Northwest Arkansas Democrat-Gazette
Texas utility regulators stand pat on overcharges
AUSTIN, Texas — Texas utility regulators have rejected a recommendation that they reverse about $16 billion in overcharges for wholesale electricity that were racked up during the failure of the state’s utility grid last month because of a pricing error by the grid’s operator.
“It’s just nearly impossible to unscramble this sort of egg,” Arthur D’Andrea, the new chairwoman of the Public Utility Commission, said during a commission meeting Friday.
Potomac Economics, a Virginia-based firm that’s paid by the state to provide an arm’s-length assessment of the Texas power grid, recommended Thursday in a letter to the commission that the overcharges — which were billed to retail electric providers, distributors and others — be reversed by retroactively lowering wholesale electricity prices over a 32-hour period beginning Feb. 18.
The Electric Reliability Council of Texas oversees the state’s power grid. An independent grid monitor has said a pricing error by the agency during the recent weather emergency ended up resulting in $16 billion in overcharges for wholesale electricity billed to retail providers, distributors and others.
The overcharges occurred because the council kept wholesale prices at the maximum level allowable — $9,000 per megawatt hour — during that 32-hour period.

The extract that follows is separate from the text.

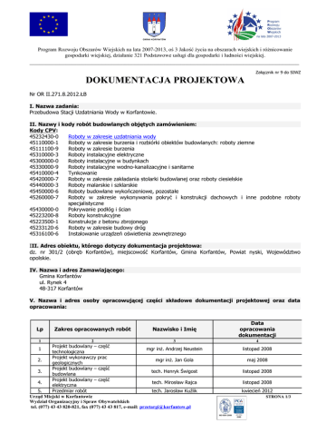 Program Rozwoju Obszarów Wiejskich na lata 2007-2013, oś 3 Jakość życia na obszarach wiejskich i różnicowanie gospodarki wiejskiej, działanie 321 Podstawowe usługi dla gospodarki i ludności wiejskiej. __________________________________________________________________________________ Załącznik nr 9 do SIWZ DOKUMENTACJA PROJEKTOWA Nr OR II.271.8.2012.ŁB I. Nazwa zadania: Przebudowa Stacji Uzdatniania Wody w Korfantowie. II. Nazwy i kody robót budowlanych objętych zamówieniem: Kody CPV: 45232430-0 Roboty w zakresie uzdatniania wody 45110000-1 Roboty w zakresie burzenia i rozbiórki obiektów budowlanych: roboty ziemne 45111100-9 Roboty w zakresie burzenia 45310000-3 Roboty instalacyjne elektryczne 45300000-0 Roboty instalacyjne w budynkach 45330000-9 Roboty instalacyjne wodno-kanalizacyjne i sanitarne 45410000-4 Tynkowanie 45420000-7 Roboty w zakresie zakładania stolarki budowlanej oraz roboty ciesielskie 45440000-3 Roboty malarskie i szklarskie 45450000-6 Roboty budowlane wykończeniowe, pozostałe 45260000-7 Roboty w zakresie wykonywania pokryć i konstrukcji dachowych i inne podobne roboty specjalistyczne 45430000-0 Pokrywanie podłóg i ścian 45223200-8 Roboty konstrukcyjne 45223500-1 Konstrukcje z betonu zbrojonego 45233120-6 Roboty w zakresie budowy dróg 45316100-6 Instalowanie urządzeń oświetlenia zewnętrznego III. Adres obiektu, którego dotyczy dokumentacja projektowa: dz. nr 301/2 (obręb Korfantów), miejscowość Korfantów, Gmina Korfantów, Powiat nyski, Województwo opolskie. IV. Nazwa i adres Zamawiającego: Gmina Korfantów ul. Rynek 4 48-317 Korfantów V. Nazwa i adres osoby opracowującej części składowe dokumentacji projektowej oraz data opracowania: Lp Zakres opracowanych robót Nazwisko i Imię Data opracowania dokumentacji 1 2 3 4 Projekt budowlany – część 1 mgr inż. Andrzej Neustein listopad 2008 technologiczna Projekt wykonawczy prac 2. mgr inż. Jan Gola maj 2008 geologicznych Projekt budowlany – część 3. tech. Henryk Świgost listopad 2008 budowlana Projekt budowlany – część 4. tech. Mirosław Rajca listopad 2008 elektryczna 5. Przedmiar robót tech. Jarosław Kuźlik kwiecień 2012 __________________________________________________________________________________________________ Urząd Miejski w Korfantowie STRONA 1/3 Wydział Organizacyjny i Spraw Obywatelskich tel. (077) 43 43 820-821, fax (077) 43 43 817, e-mail: [email protected] Program Rozwoju Obszarów Wiejskich na lata 2007-2013, oś 3 Jakość życia na obszarach wiejskich i różnicowanie gospodarki wiejskiej, działanie 321 Podstawowe usługi dla gospodarki i ludności wiejskiej. __________________________________________________________________________________ VI. Informacje dodatkowe: W zakres szczegółowy zamówienia wchodzi: Przebudowa istniejącej Stacji Uzdatniania Wody w Korfantowie (dz. nr 301/2 ), obejmująca m.in.: − wymianę wszystkich urządzeń technologicznych wraz z armaturą i orurowaniem, − wymianę zasilania energetycznego m.in. szafy, okablowania, − roboty modernizacyjne ogólnobudowlane budynku stacji m.in. ocieplenie dachu i elewacji, murowanie ścianek wewnętrznych, wymiana stolarki okiennej, drzwiowej, bram wjazdowych, wymiana posadzek, − zagospodarowanie terenu m.in. wymiana ogrodzenia, wykonanie oświetlenia wewnętrznego, przebudowa ciągów komunikacyjnych. − obsługa geodezyjna wraz z pomiarem geodezyjnym powykonawczym. Szczegółowy zakres robót budowlanych określają przedmiar robót, dokumentacja projektowa i specyfikacje techniczne wykonania i odbioru robót budowlanych. Zadanie objęte jest pomocą Unii Europejskiej ze środków Europejskiego Funduszu Rolnego na rzecz Rozwoju Obszarów Wiejskich w ramach działania 321 Podstawowe Usługi dla Gospodarki i Ludności Wiejskiej Programu Rozwoju Obszarów Wiejskich na lata 2007-2013 Materiały i urządzenia powinny odpowiadać co do jakości wymogom wyrobów dopuszczonych do obrotu i stosowania w budownictwie, określonych w art. 10 ustawy Prawo Budowlane, wymaganiom specyfikacji technicznej. Zakres prac ujęto w załączonym przedmiarze robót. Szczegółowy zakres robót budowlanych określają przedmiar robót, dokumentacja budowlana i specyfikacja wykonania i odbioru robót budowlanych. Oryginalny projekt budowlany dostępny do wglądu w siedzibie Zamawiającego w godzinach urzędowania. VII.Zawartość dokumentacji projektowej obejmuje: 1. Kserokopia fragmentu dokumentacji budowlanej* dotyczącej wykonania przebudowy stacji uzdatniani wody w Korfantowie. Branża architektoniczno-budowlana: a) opis techniczny zawierający m.in. informację dotycząca bezpieczeństwa i ochrony zdrowia, b) pozwolenia, uzgodnienia, warunki techniczne, decyzje itp. c) Plan terenu stacji wodociągowej, d) Plan orientacyjny lokalizacji SUW, e) Inwentaryzacja elewacji i rzutu dachu, f) Rzut przyziemia i przekroje, g) Elewacje, rzut dachu, h) cześć technologiczna – inwentaryzacja i) część technologiczno-elektryczna j) elektryczny schemat zasilania SUW k) schemat zasadniczy rozdzielni RG l) schemat wyprowadzenia obwodów Branża technologiczna: a) opis techniczny wykonania prac technologicznych, b) mapa poglądowa, c) mapa uzbrojenia terenu, d) rzut przyziemia części technologicznej, e) inwentaryzacja części technologicznej, __________________________________________________________________________________________________ Urząd Miejski w Korfantowie Wydział Organizacyjny i Spraw Obywatelskich tel. (077) 43 43 820-821, fax (077) 43 43 817, e-mail: [email protected] STRONA 2/3 Program Rozwoju Obszarów Wiejskich na lata 2007-2013, oś 3 Jakość życia na obszarach wiejskich i różnicowanie gospodarki wiejskiej, działanie 321 Podstawowe usługi dla gospodarki i ludności wiejskiej. __________________________________________________________________________________ f) projekt technologiczny wykonawczy, g) schemat technologiczny SUW, Branża elektryczna: a) opis techniczny wykonani

The council should have stopped intervening by then and instead let supply and demand determine pricing, Potomac said.
Even if the commission were to reverse the overcharges, huge bills incurred by retail power providers, distributors and others would remain.
According to Potomac, real-time market costs on the Texas grid totaled about $47 billion from Feb. 14-19 because of power outages during the crisis and the sky-high wholesale prices — compared with about $10 billion in real-time market costs for all of 2020.
During a brief discussion Friday of Potomac’s recommendation, D’Andrea said that resetting prices at this point would set off farreaching consequences that can’t be predicted but likely would trigger a new set of complications.